Tor 7 dec / År 41 / Nr 5 2023

Capture patient experience in clinical trials – be ready when FDA asks

Can you identify all benefits of your investigational drug – without hearing the users? As FDA will start asking pharma to patient experiences of investigational drugs in clinical trials from 2021, it is high time to listen to the patients. Clinical Survey Outcomes ApS can help gathering patients experiences of investigational drugs.

It is obvious when meeting Jens Harald Kongsø, founder of Clinical Survey Outcomes ApS, that here is a person heading up an innovative research organisation with strong insights on hearing patients in clinical trials. Clinical Survey Outcomes will help its clients prepare for the patient experience related questions of from HTAs and regulatory bodies.

Patient-centered research is not a buzz-word
Based in Copenhagen, Denmark, Clinical Survey Outcomes’ team of 20 experienced researchers collect structured feedback of the experiences of patients, carers and healthcare professionals of new medicine in clinical trials. Even though the company is less than a year old, it is already trusted by both large and small pharmaceutical developers in Denmark, Sweden, the UK and the US.
“Many pharmaceutical companies say that they are patient-centred in their drug development. But in most cases, it is often more of a buzzword than actually the case”, says Jens Harald Kongsø. “What we do at Clinical Survey Outcomes is turning patient-centred drug development into a real option and a strong asset for the pharma company”.
After all, patients are the true experts on what they experience when they test a new drug in clinical trials – and the pharma industry can benefit from this insight.

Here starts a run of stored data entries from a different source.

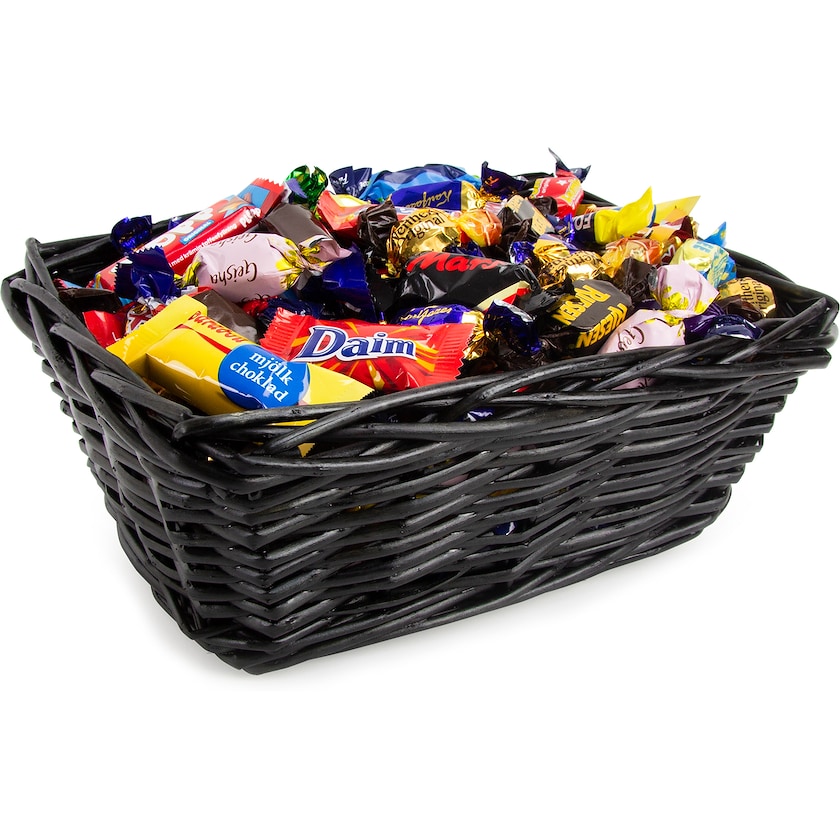 Panier noir avec bonbons emballés de qualité. Contient des classiques tels que Toblerone, Dumle, Geisha et Daim. Si vous le souhaitez, le panier peut être muni d'une carte de vœux.
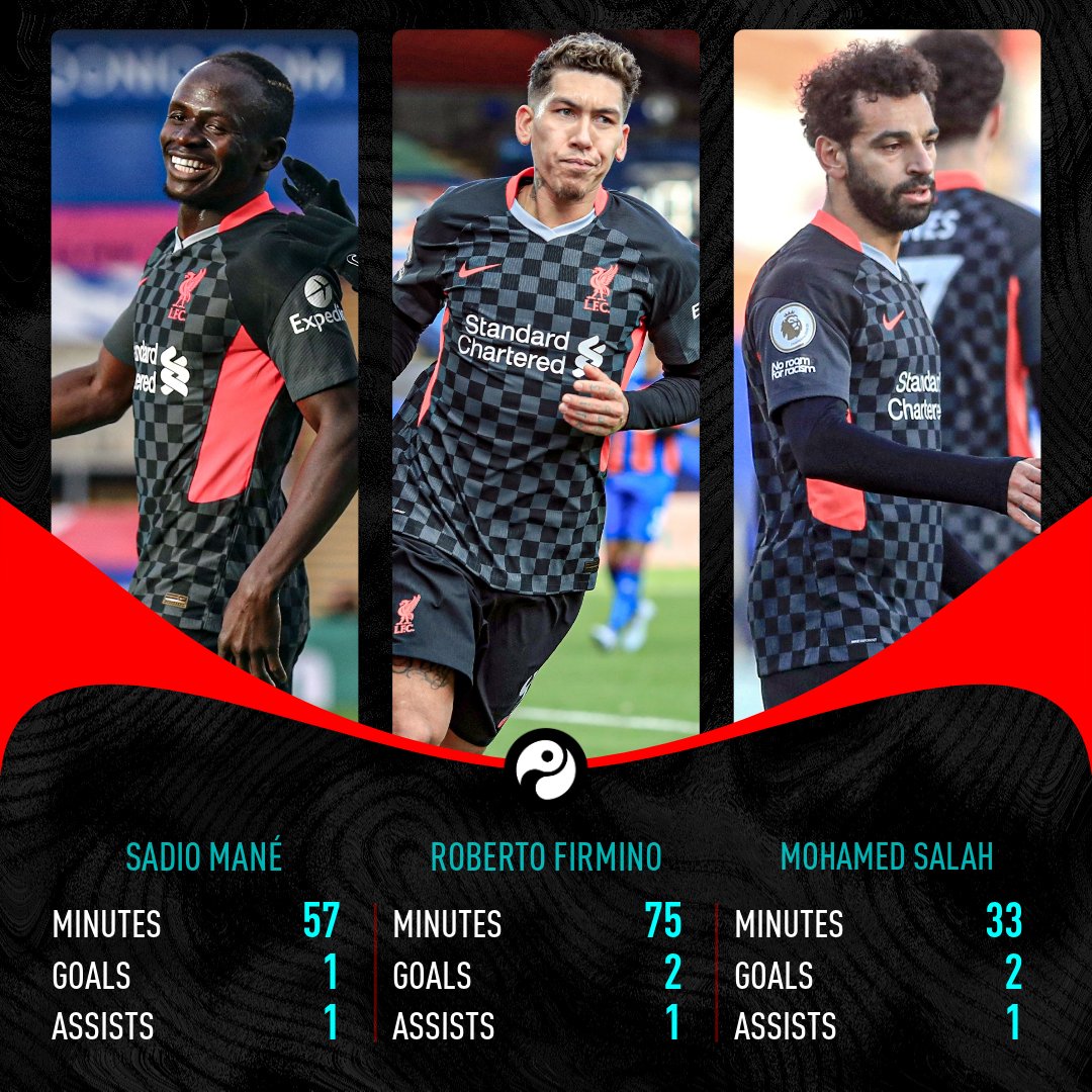 Игроки «Ливерпуля» Роберто Фирмино, Мохамед Салах и Садио Мане в матче 14-го тура АПЛ против «Кристал Пэлас» (7:0) забили не менее гола каждый и сделали не менее одной результативной передачи. Такое с ними троими произошло впервые в чемпионате.
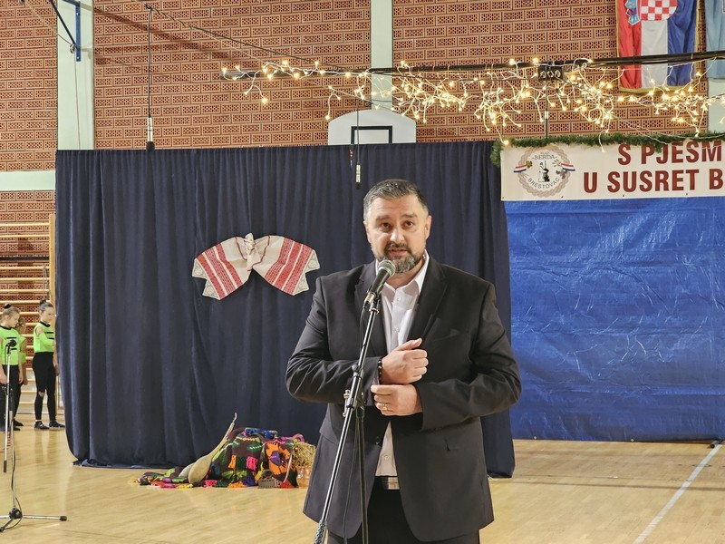 - Uvijek je lijepo biti u ovo doba godine u Brestovcu, na ovoj već tradicionalnoj manifestaciji „Pjesmom u susret Božiću” i vidjeti kako se ta manifestacija iz godine u godinu razvija zahvaljujući ovim dragim ljudima, članovima KUD-a Berda i njihovom nesebičnom čuvanju tradicije, božićnih običaja i božićne pjesme. Na tome im od srca hvala. Večeras smo se ovdje okupili kako bi pjesmom, plesom i u zajedništvu dočekali ono najljepše godišnje doba koje je pred nama, a to je božićno vrijeme. Božićno vrijeme i Božić nisu samo darovi, nisu samo ukrasi. Božićno vrijeme je u ljudima oko nas. U svim tim ljudima oko nas kao što su naša obitelj, naši susjedi, naši prijatelji s kojima dijelimo dobro i radost – rekao je Radošić.

Patient experience does matter
Knowing what patients experience while using a new pharmaceutical drug does matter. For the safety of patients, health authorities have set up a structured process to ensure that the negative experienced effects are reported throughout the clinical trials.
“Interestingly, no such structured reporting process exists for the positive effects experienced by the users. As a consequence, far too often after a new drug has been launched, we may start hearing about additional benefits of the drug or we simply find out that there are some aspects of the product that turned out to mean a lot to the patients. The problem is, that once the product is on the market most of the clinical trials are over. It is hard to convince a project to re-do a trial because a possible new benefit; the marketing material has been made, salesforce has been trained and the price has been set with the payers. This means that any additional benefit does not get added to the value messages and is not phased into the pricing negotiations”.
“As a result of this, companies should stop the guessing what patients might think of a new project. They should instead take a structured approach to patients’ feedback as their experiences can be an important strategic input to optimise the following clinical trials, guiding many stakeholders within the organisation, and eventually to regulatory and HTAs – because they will ask sooner or later. It is such a shame investing hundreds of millions – and not spending the last small amount to hear what the patients experienced and actually think about the product”, Jens Harald Kongsø concludes.

FDA will soon start to ask about patients experiences in clinical trials
The 21st Century Cures Act has directed the American Food and Drug Administration (FDA) to include the patient’s voice in drug development and review from 2021. This means that FDA will start to ask pharma from 2021. Even though it will not be mandatory for Pharma to provide patient feedback to FDA, FDA´s commissioner Scott Gottlieb have publicly stated that “This is becoming an important element in how we evaluate drugs,”.